For our internal pipeline this rebalance dropped the monthly model-cost line by roughly 71%, with no measurable quality regression on the production output (we ran a four-week shadow test before fully switching).
Where DeepSeek V4 Still Has Real Problems
Three caveats worth flagging before anyone goes all-in on V4 for everything.
Brand voice instability across long context. When you give DeepSeek V4 a 100K-token brand voice document and ask it to generate 20 pages of copy in the same session, the voice drifts noticeably by page 10. Opus holds voice across long sessions much more reliably. If your workflow is "load brand bible, generate batch," Opus handles that better.
Hallucinated stats and specifics. When generating proof-style copy ("Used by 3,400+ teams" or "Cuts deploy time by 47%"), DeepSeek hallucinated specifics in roughly 12% of outputs vs 3% for Opus. If your generation pipeline doesn't have a verification layer, this is a real risk. Either add the layer, or keep proof-copy generation on Opus.
Vision quality for screenshot analysis. Both models accept image input, but DeepSeek V4's vision component is noticeably weaker than Opus 4.7's on landing page screenshot analysis. Where Opus would correctly identify "the testimonial section is below the fold and uses gray-on-gray text," DeepSeek would miss the contrast issue. If your copy generation pipeline uses screenshot context (and it should — pages aren't just their HTML), this matters.
What to Actually Do This Week
Three concrete moves, in priority order:
1. Audit your current AI copy spend. Pull the last month of API usage logs. Categorize by task type: hero/headline, CTA, FAQ, meta, variants, long-form. Note which model handled each. Most teams I've talked to over the last week discovered they were running everything through Opus or GPT-5.5 because that's what their initial integration used. The cost-savings opportunity is hidden in plain sight.
2. Run a one-week shadow test. For the lowest-stakes high-volume task in your pipeline (probably FAQ generation or meta descriptions), generate output through both your current model AND DeepSeek V4-Pro. Don't ship the V4 output yet — just compare. If the quality holds, switch the production traffic.
3. Don't switch hero generation yet. The 38-point gap on hero work is real. The premium model is worth the premium spend on the strings that determine whether visitors convert.
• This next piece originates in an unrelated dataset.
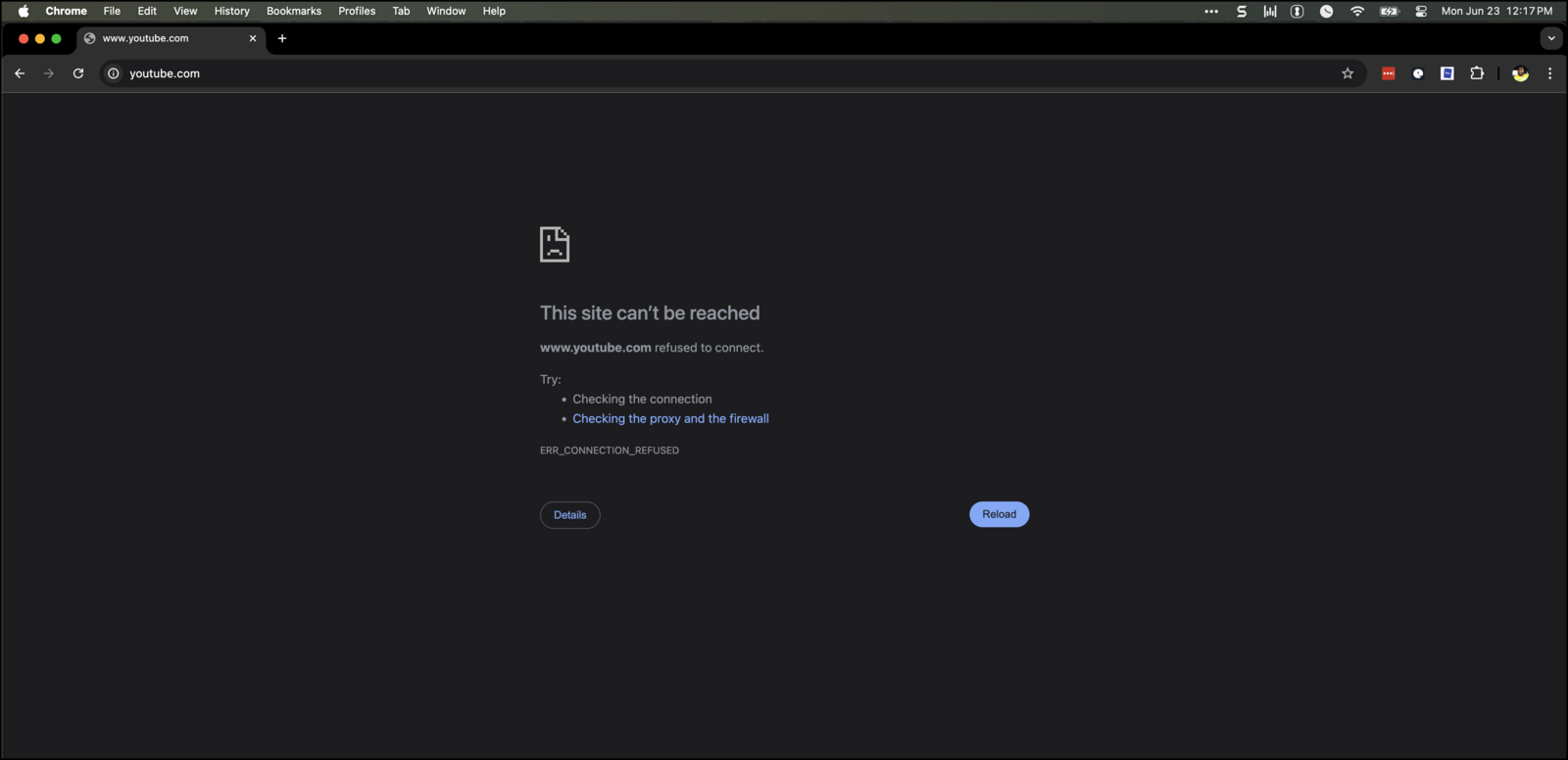 And when I try to visit YouTube in my browser, this is what I see:

If you're spending $30K/month on AI and 15% of that is on hero/value-prop generation, that's $4,500. Don't try to save it. Save the other $25,500 by tiering everything else.
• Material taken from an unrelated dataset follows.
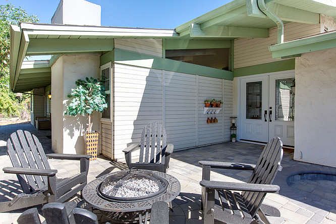 re you looking for a home with a custom look and a huge lot? Welcome to this gorgeous Frank Lloyd-Wright-inspired contemporary home on almost a half-acre. This stylish home sits high-up on a tree-lined small street of only four other homes. Outstanding location just minutes to the freeway, but has the atmosphere of the country. Gorgeous interior with vaulted ceilings, high-end wood look floors, french doors in the living room and granite in kitchen. 2-car garage is extra wide and deep with ample storage.
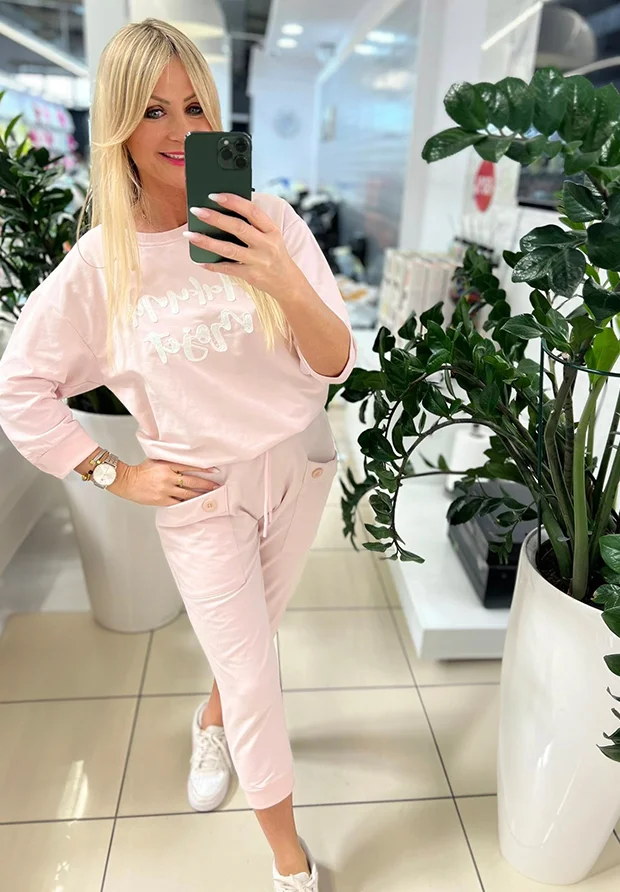 MEGI PUDROWO RÓŻOWE SPODNIE RYBACZKI 7/8 Z KIESZIAMI / P0304

If you want to see how your existing landing page copy stacks up before you start rewriting it with any model, our copy analyzer scores hero clarity, value-prop specificity, CTA strength, and FAQ depth in under a minute. Start there. You'll often find that the problem isn't which AI you use to rewrite — it's that your existing copy is hiding the wrong claim. AI rewrites a hidden value prop just as poorly as a human does, regardless of whether you're paying $5 or $75 per million tokens.
The DeepSeek V4 launch is a real shift in the economics of AI-powered marketing tooling. It's not a "Western models lost" moment — Opus 4.7 still wins where it matters. It's the moment the cost curve broke, and the founders who restructure their copy pipelines around the new curve will ship more pages, run more variants, and have more budget left over for the work that actually needs the premium model.